The policy changes required for successful economic integration are the same as those needed if the countries of the region are to benefit from the more general process of globalisation and integration into the world economy. This point is best illustrated by the dynamic Asian economies, where outward-oriented development strategies have been associated with intensified regional economic interaction.

There are many indications, geographical, cultural or economic, that suggest there is scope for considerable gains from greater economic interactions within the Mediterranean region. However, the Arab-Israeli conflict and intra-Arab conflict, coupled with inappropriate economic policies, have kept south-south regional economic interactions at an abnormally low level in recent decades. Merely to restore these interactions to their natural levels would give an important boost to economic growth within the region. The developing peace process offers a major opportunity for enhanced economic cooperation within the Euro-Mediterranean. As Western Europe found after World War II, such cooperation strengthens not only the economic well-being of countries in the region, but also peace.

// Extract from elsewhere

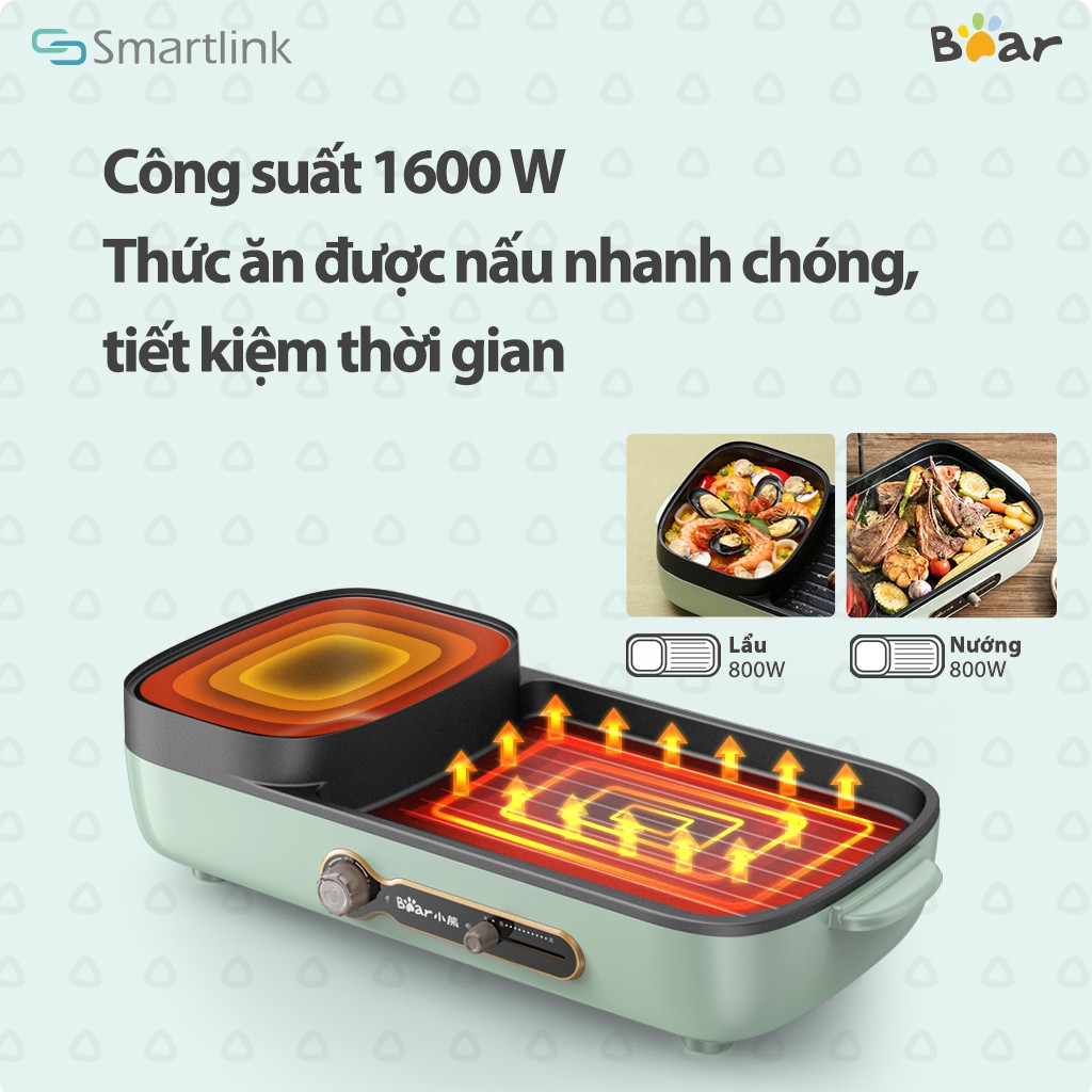 Công suất: 1600W (800W cho nồi lẩu + 800W cho bàn nướng)

What is required to reach a homogeneous space of development in the Euro-Mediterranean region is on one hand a steadfast commitment by countries to structural reforms, including continued multilateral liberalization, along with the removal of impediments to regional economic interaction and a strengthening of the institutional framework. On the other hand the EU should through its new policy strengthen its’ partnership with the Southern Mediterranean Countries and to register its’ efforts in a lasting strategy perspective.